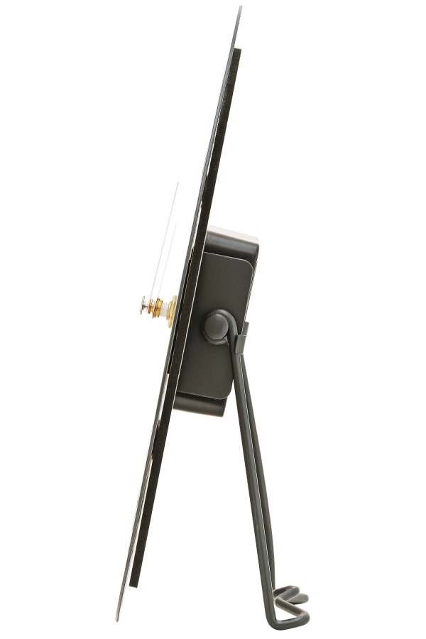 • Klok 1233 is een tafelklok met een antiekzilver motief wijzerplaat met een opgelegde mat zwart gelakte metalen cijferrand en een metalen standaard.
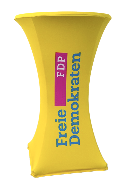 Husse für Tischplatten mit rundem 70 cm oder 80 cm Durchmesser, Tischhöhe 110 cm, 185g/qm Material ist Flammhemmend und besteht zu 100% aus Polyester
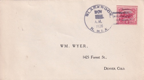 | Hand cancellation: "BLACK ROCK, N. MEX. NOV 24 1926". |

Work order: Leave the pictures out and print the whole listing precisely.

Task answer:
 • Klok 1233 is een tafelklok met een antiekzilver motief wijzerplaat met een opgelegde mat zwart gelakte metalen cijferrand en een metalen standaard.
 Husse für Tischplatten mit rundem 70 cm oder 80 cm Durchmesser, Tischhöhe 110 cm, 185g/qm Material ist Flammhemmend und besteht zu 100% aus Polyester
 | Hand cancellation: "BLACK ROCK, N. MEX. NOV 24 1926". |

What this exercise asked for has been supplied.